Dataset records
★ ★ ★

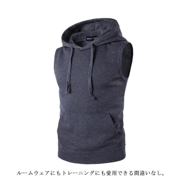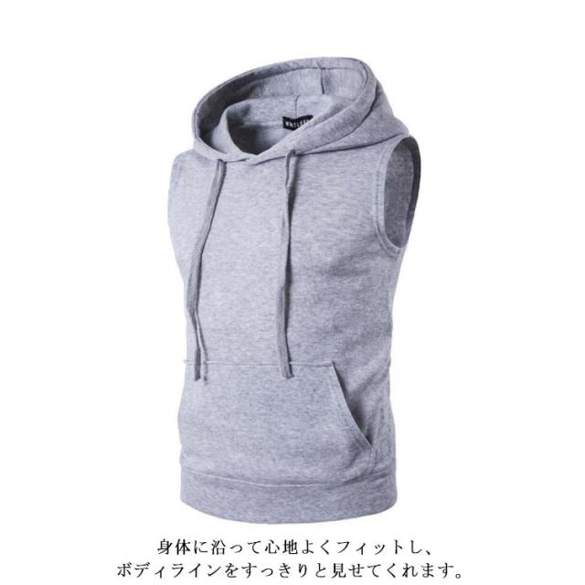 パーカー ノースリーブ フード付ベスト フード付き タンクトップ メンズ 袖なし パーカ ノースリーブパーカ ランニングシャツ スポーツウエア トレーニングウェア ジムウェア ストリート系 部屋着 ルームウエア
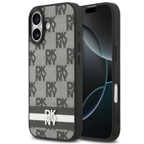 1 kép DKNY PU Leather Checkered Pattern and Stripe Apple iPhone 17 hátlap tok, fekete
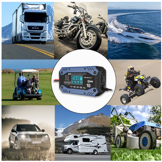 Nasza ładowarka pasuje do wszystkich akumulatorów typu AGM, LIfePO4, GEL, WET i STD. Może być stosowany do akumulatorów w samochodach, motocyklach, jachtach, kosiarkach, pojazdach rolniczych i quadach.
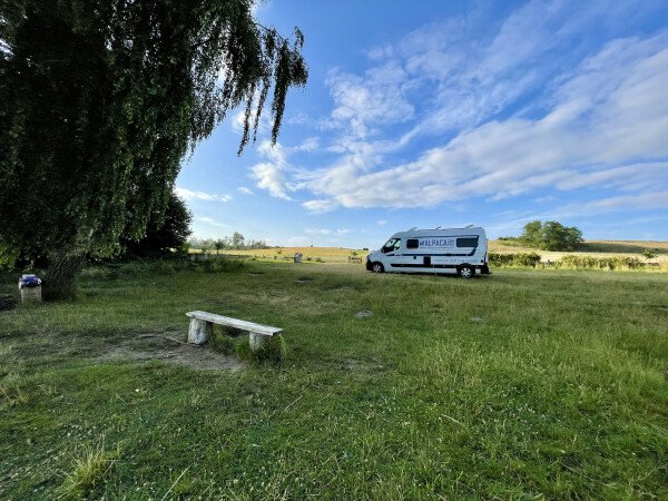 "Wir haben den Platz mit einem anderen Wohnmobil geteilt, das allerdings circa 20 m entfernt war. Leider war ewig nicht mehr gemäht worden, und überall war Brennnessel. Leider konnte man nicht so viel von dem See vom Platz aus sehen. Abends, als die ganzen Menschen am Badestrand alle weg waren, war es sehr idyllisch und schön dort zu sitzen."
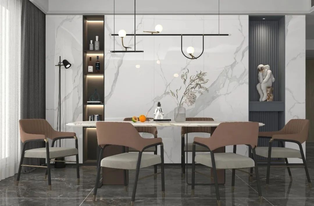 岩板应用较广泛,可以做到家居全案落地,背景墙、橱柜、饰面板、台面、餐桌、电视柜等一一满足,打破材料限定,实现全屋定制化。
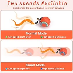 A NEW CHOICE FOR INDOOR ENTERTAINMENT: Endless fun for your cat! Designed for indoor environments, this interactive toy ball rolls quickly across the carpet and emits an appealing cat-attracting chittering sound. Not only does it stimulate your cat's hunting instincts, it also allows them to enjoy outdoor chasing indoors while reducing the risk of furniture scratching INTELLIGENT INTERACTION AND FUN: This automatic cat toy is your pet's new playmate. It has two modes: ① Normal mode (green light), which runs for five minutes and then automatically shuts off. ② Intelligent mode (blue light), after running for five minutes the exercise ball automatically enters the dormant mode, when your cat touches it again, the exerciser will interact with your cat again. So whether it's a long game or a short interaction, this interactive cat ball meets the needs of both you and your pet, allowing your pet to entertain itself while you're busy TWO SPEEDS FREELY SWITCHING: The BABORUI interactive cat toy offers two speeds, fast and slow, which can be freely switched at any time. Even if your cat is cute and short-legged, it can still keep up with the pace of the exercise ball TRIPLE FUN, TRIPLE HAPPINESS: This cat toys for indoor cats comes with three fun tails that provide your cat with triple the fun. They can have endless fun chasing and catching the ball, while the sound of the bells on the tails will further stimulate their curiosity and desire to chase SAFE MATERIAL, LASTING AND DURABLE: We understand that your pet's safety is of utmost importance to you. The shell of this kitten toys is made of safe silicone material, so you don't need to worry even if your pet chews it. The durable design means it can withstand daily wear and tear, providing long-lasting companionship for you and your pet
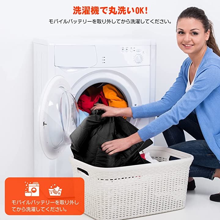 ・「丸洗いOK」最新版防水・絶縁充電ケーブルを搭載、洗濯機で丸洗い可能になります。
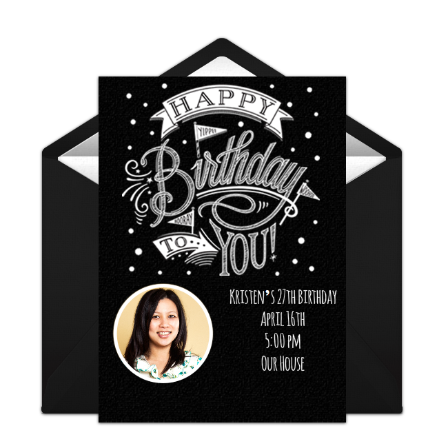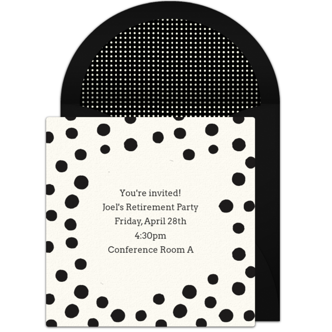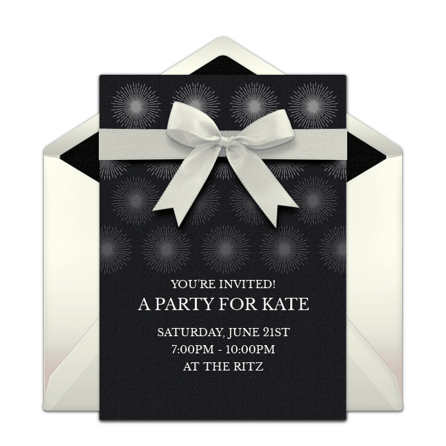 Browse free online invitations and find black and white invitations for any occasion! Be sure to let your guests know the theme of the party and specify what you'd like guests to wear (ie all white, all black, a combination, etc.). On your invitation, you can also let guests know if you'd like them to bring an appetizer, dessert, or drink. Punchbowl's Potluck Sign Up tool is ideal if you want to ask guests to contribute to the menu. Once your invite is ready, deliver it instantly by email or text and easily track RSVPs online.

★ ★ ★

Copy only these lines from the records above, exactly: the one with "1 kép DKNY PU", the one with "haben den Platz", and those between. Skip the pictures.

 1 kép DKNY PU Leather Checkered Pattern and Stripe Apple iPhone 17 hátlap tok, fekete
 Nasza ładowarka pasuje do wszystkich akumulatorów typu AGM, LIfePO4, GEL, WET i STD. Może być stosowany do akumulatorów w samochodach, motocyklach, jachtach, kosiarkach, pojazdach rolniczych i quadach.
 "Wir haben den Platz mit einem anderen Wohnmobil geteilt, das allerdings circa 20 m entfernt war. Leider war ewig nicht mehr gemäht worden, und überall war Brennnessel. Leider konnte man nicht so viel von dem See vom Platz aus sehen. Abends, als die ganzen Menschen am Badestrand alle weg waren, war es sehr idyllisch und schön dort zu sitzen."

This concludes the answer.